Task: Please write out every entry below exactly, leaving out any pictures.

Source data:
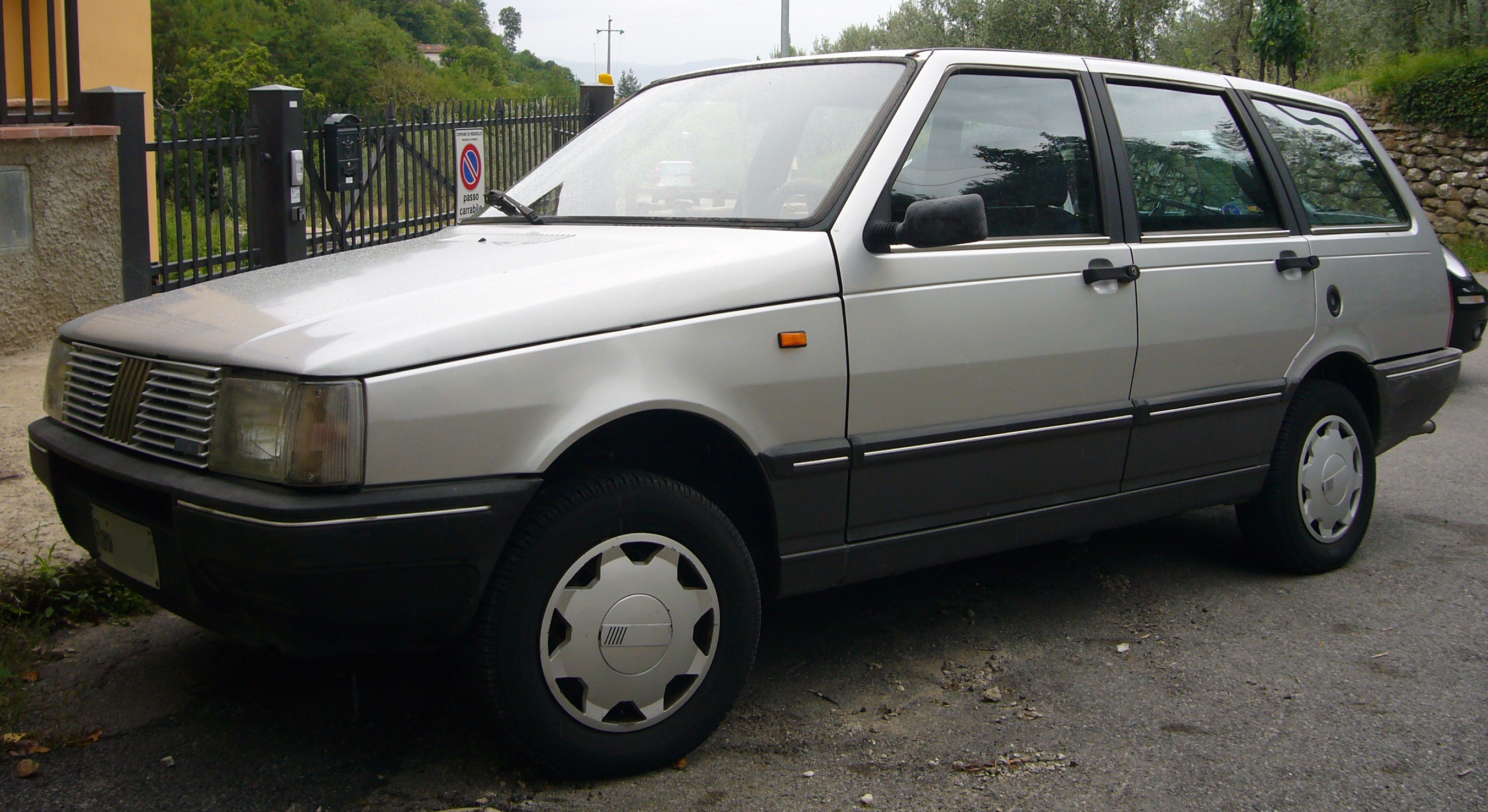 Fiat Duna Weekend 70 car in Tuscany, Italy.
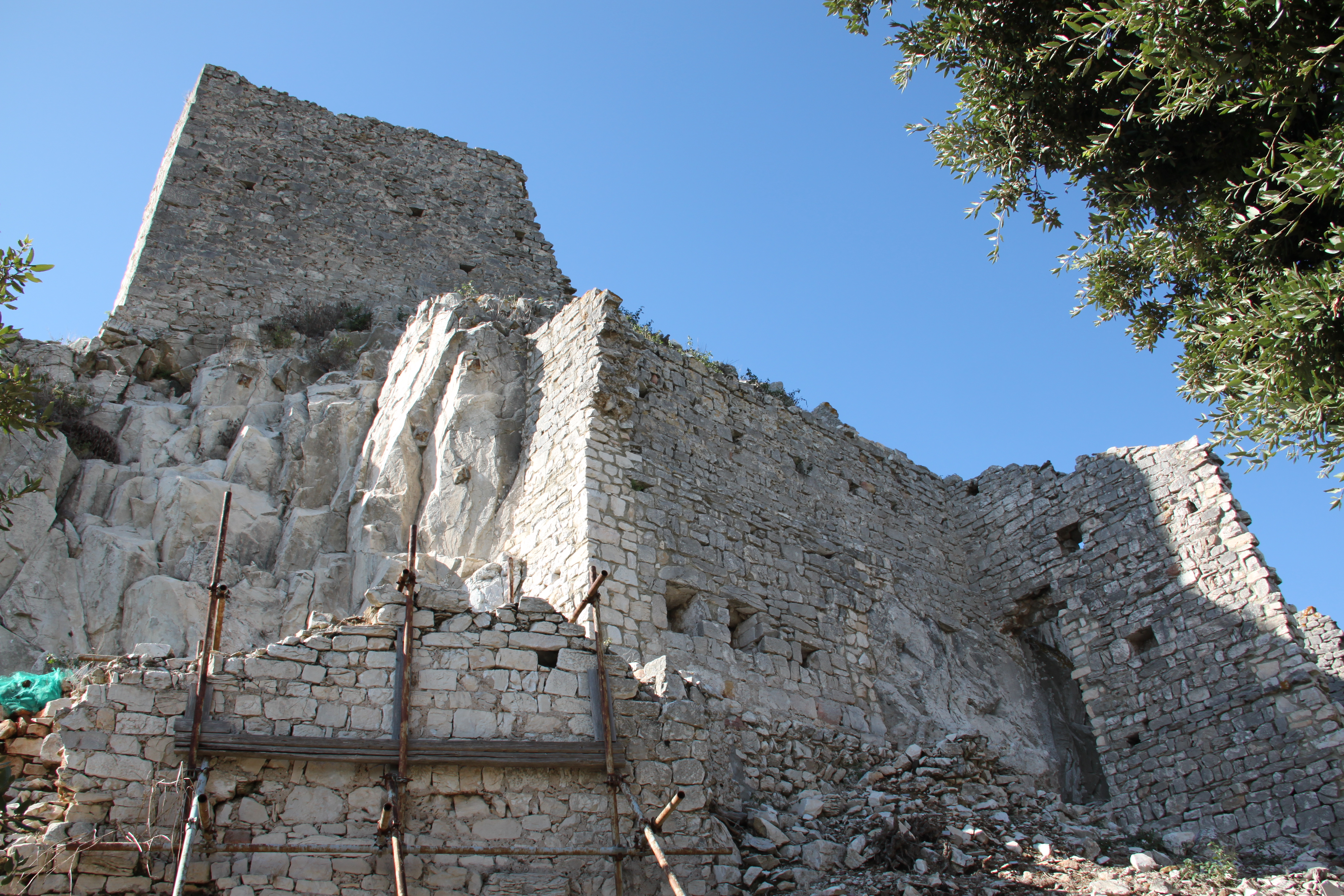 Rocca San Silvestro: Citadel with donjon
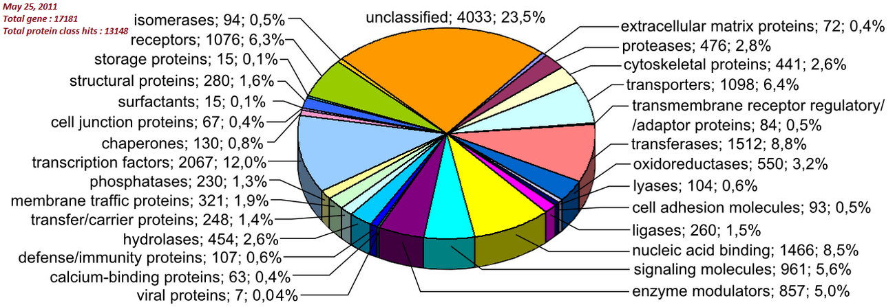 The human genome, categorized by function of each gene product, given both as number of genes and as percentage of all genes.
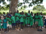 School children under tree — in Lainya County of Central Equatoria state. In the central Equatoria region of South Sudan.
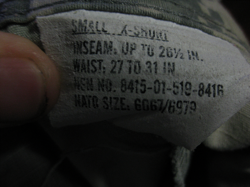 NSN in the ACU trousers.
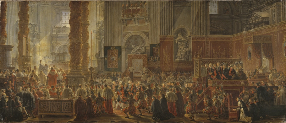 Gustav III attends Christmas Mass in St. Peter's Basilica in Rome in 1783.
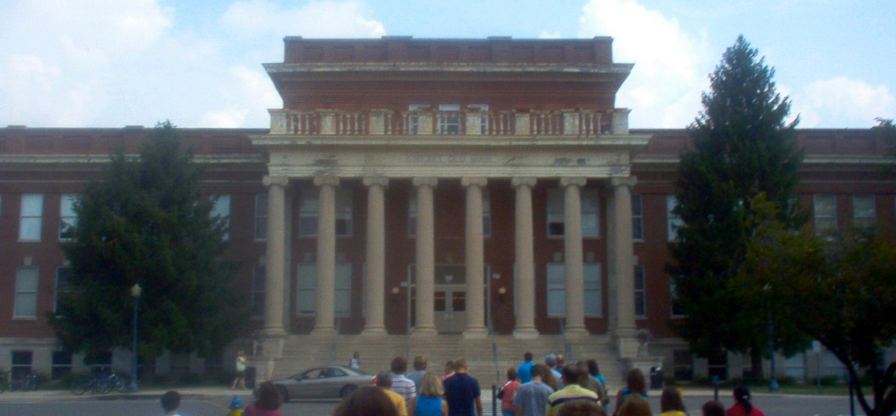 Kirksey Old Main building on the campus of Middle Tennessee State University.
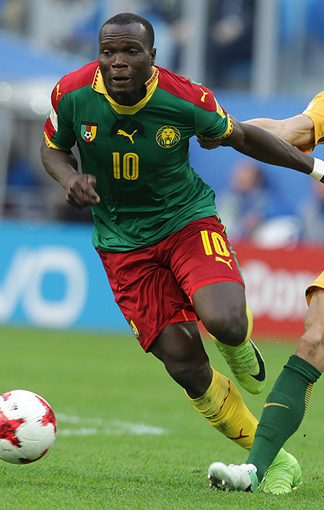 Cameroon vs Australia (1-1). FIFA Confederations Cup 2017

Solution to this task:
 Fiat Duna Weekend 70 car in Tuscany, Italy.
 Rocca San Silvestro: Citadel with donjon
 The human genome, categorized by function of each gene product, given both as number of genes and as percentage of all genes.
 School children under tree — in Lainya County of Central Equatoria state. In the central Equatoria region of South Sudan.
 NSN in the ACU trousers.
 Gustav III attends Christmas Mass in St. Peter's Basilica in Rome in 1783.
 Kirksey Old Main building on the campus of Middle Tennessee State University.
 Cameroon vs Australia (1-1). FIFA Confederations Cup 2017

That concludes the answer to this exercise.